Exercise: Here the job is to transcribe only the lines from the one containing "This Mini MRX" through the last line below, exactly as written; please leave out pictures.

==== Provided records

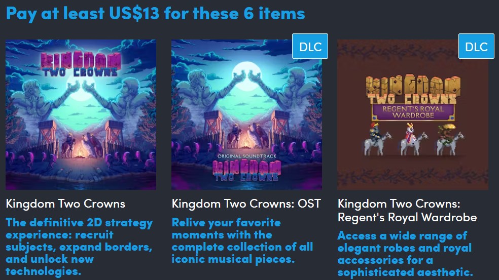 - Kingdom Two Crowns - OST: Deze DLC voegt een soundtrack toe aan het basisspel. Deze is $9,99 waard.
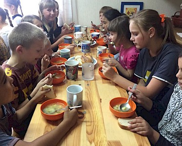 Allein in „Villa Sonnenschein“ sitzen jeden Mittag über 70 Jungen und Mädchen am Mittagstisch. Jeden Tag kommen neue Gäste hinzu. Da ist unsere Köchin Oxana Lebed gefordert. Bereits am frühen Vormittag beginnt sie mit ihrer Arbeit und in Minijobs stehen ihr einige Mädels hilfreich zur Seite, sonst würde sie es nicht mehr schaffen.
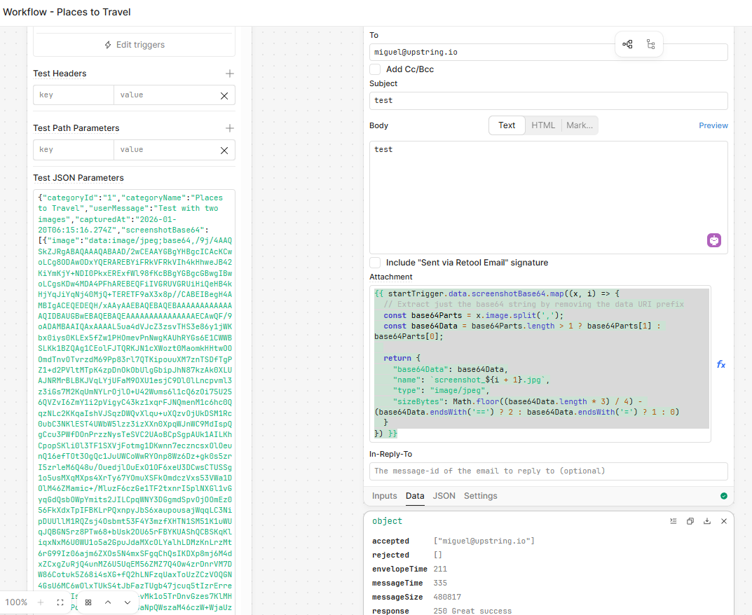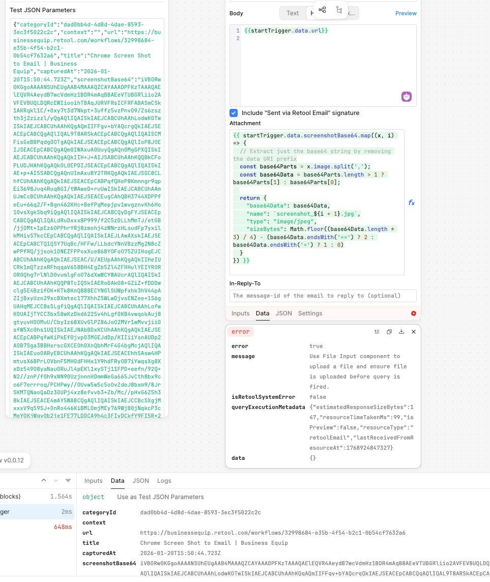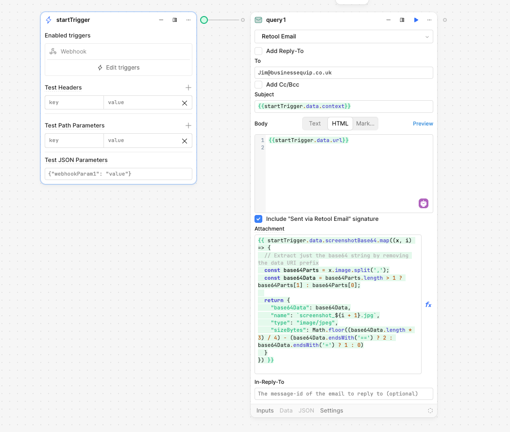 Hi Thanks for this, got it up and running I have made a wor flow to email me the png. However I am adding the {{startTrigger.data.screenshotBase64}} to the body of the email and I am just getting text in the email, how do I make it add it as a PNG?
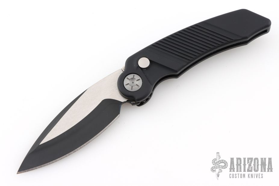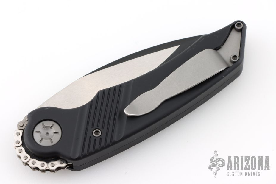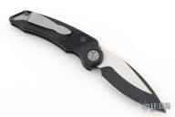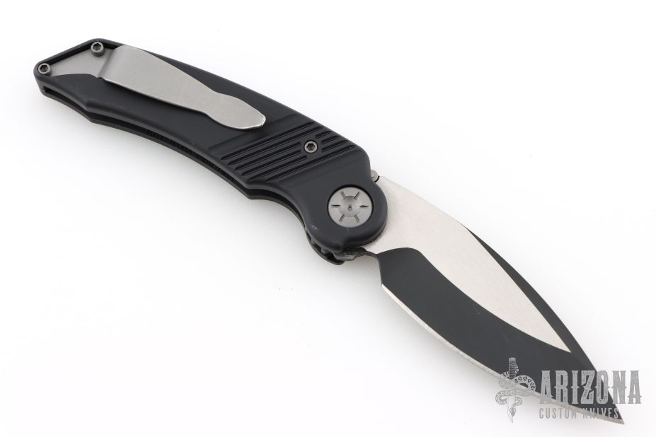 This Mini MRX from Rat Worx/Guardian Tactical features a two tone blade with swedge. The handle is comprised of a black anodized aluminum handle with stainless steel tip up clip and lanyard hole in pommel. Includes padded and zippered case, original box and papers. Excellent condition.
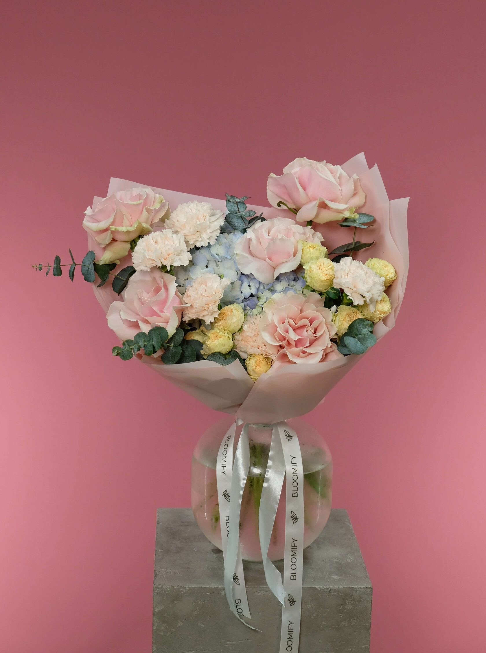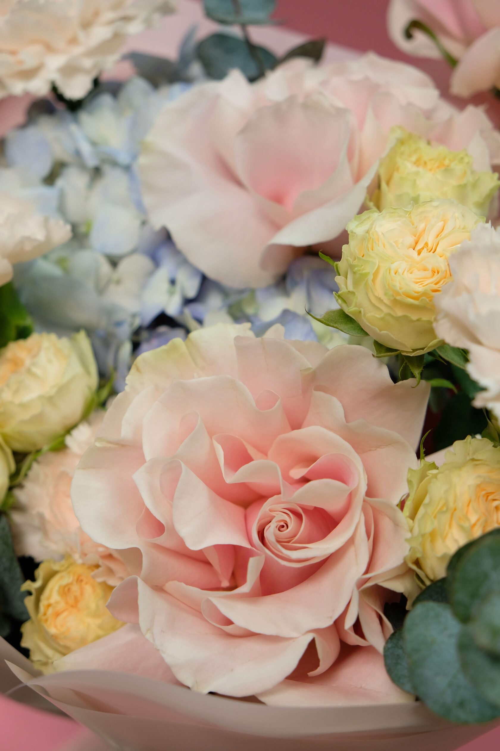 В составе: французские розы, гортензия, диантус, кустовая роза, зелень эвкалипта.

========

Completed exercise:
 This Mini MRX from Rat Worx/Guardian Tactical features a two tone blade with swedge. The handle is comprised of a black anodized aluminum handle with stainless steel tip up clip and lanyard hole in pommel. Includes padded and zippered case, original box and papers. Excellent condition.
 В составе: французские розы, гортензия, диантус, кустовая роза, зелень эвкалипта.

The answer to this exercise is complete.